### THE TASK
Starting at the line that contains "Uvnitř pohřební komory" and stopping after the line that contains "Vintage 90s single", transcribe the listing below exactly; do not include any pictures.

### PROVIDED DATA
<<<<

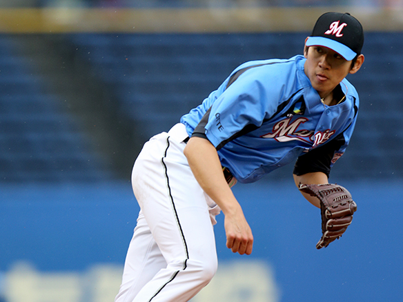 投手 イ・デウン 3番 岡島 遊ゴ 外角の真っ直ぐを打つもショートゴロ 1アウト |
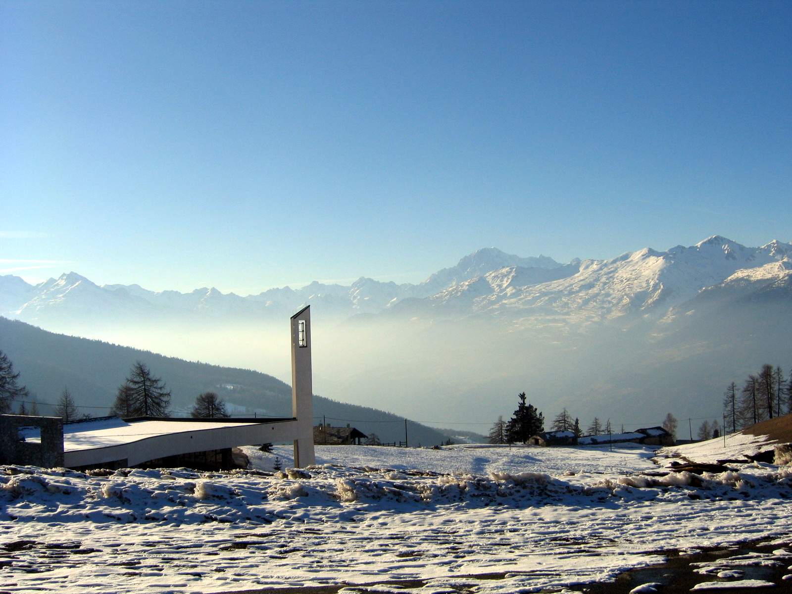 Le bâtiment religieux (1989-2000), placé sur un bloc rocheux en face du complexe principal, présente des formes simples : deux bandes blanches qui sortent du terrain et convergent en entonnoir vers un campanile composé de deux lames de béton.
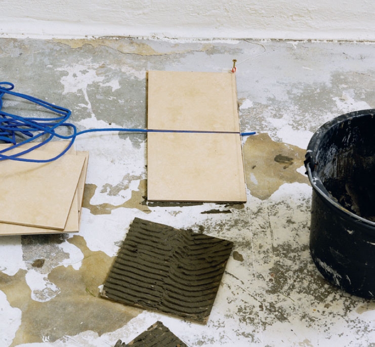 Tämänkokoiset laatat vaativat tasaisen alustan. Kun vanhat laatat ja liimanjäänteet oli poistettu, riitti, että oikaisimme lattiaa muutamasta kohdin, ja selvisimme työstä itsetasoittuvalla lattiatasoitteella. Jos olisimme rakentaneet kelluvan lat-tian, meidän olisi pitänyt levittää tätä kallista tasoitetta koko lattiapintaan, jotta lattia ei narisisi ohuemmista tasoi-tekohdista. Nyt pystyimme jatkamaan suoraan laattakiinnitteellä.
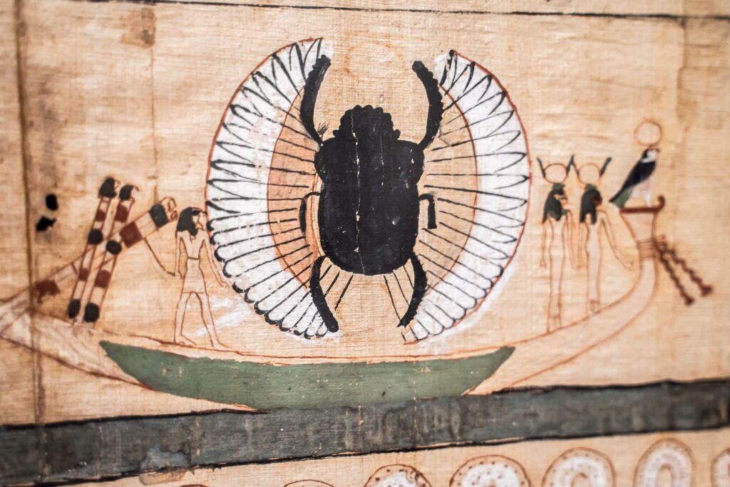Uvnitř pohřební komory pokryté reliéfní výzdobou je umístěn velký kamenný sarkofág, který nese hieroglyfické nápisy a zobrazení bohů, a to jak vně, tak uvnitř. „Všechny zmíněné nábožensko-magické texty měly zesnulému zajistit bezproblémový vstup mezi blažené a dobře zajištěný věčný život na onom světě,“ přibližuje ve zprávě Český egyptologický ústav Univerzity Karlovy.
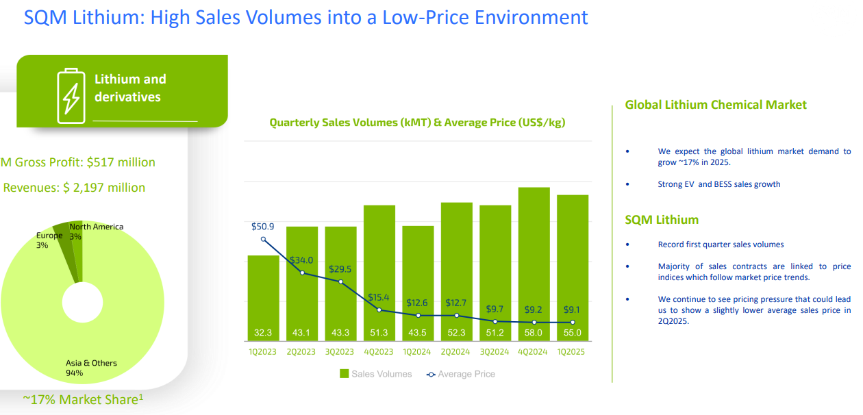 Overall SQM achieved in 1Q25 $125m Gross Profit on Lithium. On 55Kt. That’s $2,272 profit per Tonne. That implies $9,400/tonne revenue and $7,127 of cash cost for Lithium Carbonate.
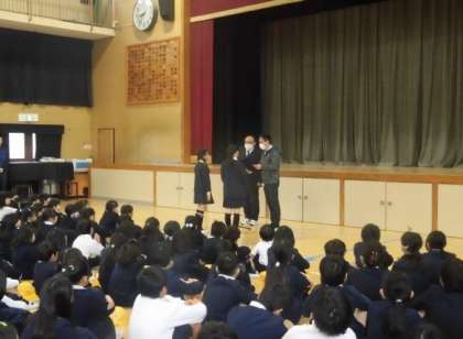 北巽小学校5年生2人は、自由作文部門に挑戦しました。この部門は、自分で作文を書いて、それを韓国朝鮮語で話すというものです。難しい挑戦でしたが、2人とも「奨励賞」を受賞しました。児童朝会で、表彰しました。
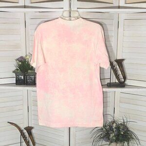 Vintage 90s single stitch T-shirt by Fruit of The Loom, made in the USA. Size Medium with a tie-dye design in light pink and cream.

>>>>
<<<<

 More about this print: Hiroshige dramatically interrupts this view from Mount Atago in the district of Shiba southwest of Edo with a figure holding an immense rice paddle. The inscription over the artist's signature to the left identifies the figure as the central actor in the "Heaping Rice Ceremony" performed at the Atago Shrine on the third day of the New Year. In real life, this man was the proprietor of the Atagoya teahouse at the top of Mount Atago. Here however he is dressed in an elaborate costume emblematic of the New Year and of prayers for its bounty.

>>>>

### RESPONSE TO THE TASK
Uvnitř pohřební komory pokryté reliéfní výzdobou je umístěn velký kamenný sarkofág, který nese hieroglyfické nápisy a zobrazení bohů, a to jak vně, tak uvnitř. „Všechny zmíněné nábožensko-magické texty měly zesnulému zajistit bezproblémový vstup mezi blažené a dobře zajištěný věčný život na onom světě,“ přibližuje ve zprávě Český egyptologický ústav Univerzity Karlovy.
 Overall SQM achieved in 1Q25 $125m Gross Profit on Lithium. On 55Kt. That’s $2,272 profit per Tonne. That implies $9,400/tonne revenue and $7,127 of cash cost for Lithium Carbonate.
 北巽小学校5年生2人は、自由作文部門に挑戦しました。この部門は、自分で作文を書いて、それを韓国朝鮮語で話すというものです。難しい挑戦でしたが、2人とも「奨励賞」を受賞しました。児童朝会で、表彰しました。
 Vintage 90s single stitch T-shirt by Fruit of The Loom, made in the USA. Size Medium with a tie-dye design in light pink and cream.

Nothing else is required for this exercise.